**Exercise details:**
Give back exactly the lines of the data below, starting with the line that has "số 5 với B." and going on through the line that has "What's Included: Our".

**Dataset:**
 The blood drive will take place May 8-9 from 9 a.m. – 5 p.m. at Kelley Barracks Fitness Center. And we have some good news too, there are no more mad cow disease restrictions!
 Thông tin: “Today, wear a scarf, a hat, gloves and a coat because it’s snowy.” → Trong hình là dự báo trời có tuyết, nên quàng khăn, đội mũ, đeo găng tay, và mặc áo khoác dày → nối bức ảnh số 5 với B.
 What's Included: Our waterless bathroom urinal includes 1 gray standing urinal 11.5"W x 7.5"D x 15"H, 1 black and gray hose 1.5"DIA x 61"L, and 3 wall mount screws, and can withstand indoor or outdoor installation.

...

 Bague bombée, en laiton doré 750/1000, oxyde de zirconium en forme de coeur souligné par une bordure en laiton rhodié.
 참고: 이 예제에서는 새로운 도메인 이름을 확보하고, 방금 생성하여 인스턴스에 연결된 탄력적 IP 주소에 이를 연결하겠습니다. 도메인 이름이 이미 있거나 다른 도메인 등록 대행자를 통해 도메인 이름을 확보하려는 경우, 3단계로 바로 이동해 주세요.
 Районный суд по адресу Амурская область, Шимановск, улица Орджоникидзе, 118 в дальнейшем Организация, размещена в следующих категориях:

**Solution to this task:**
 Thông tin: “Today, wear a scarf, a hat, gloves and a coat because it’s snowy.” → Trong hình là dự báo trời có tuyết, nên quàng khăn, đội mũ, đeo găng tay, và mặc áo khoác dày → nối bức ảnh số 5 với B.
 What's Included: Our waterless bathroom urinal includes 1 gray standing urinal 11.5"W x 7.5"D x 15"H, 1 black and gray hose 1.5"DIA x 61"L, and 3 wall mount screws, and can withstand indoor or outdoor installation.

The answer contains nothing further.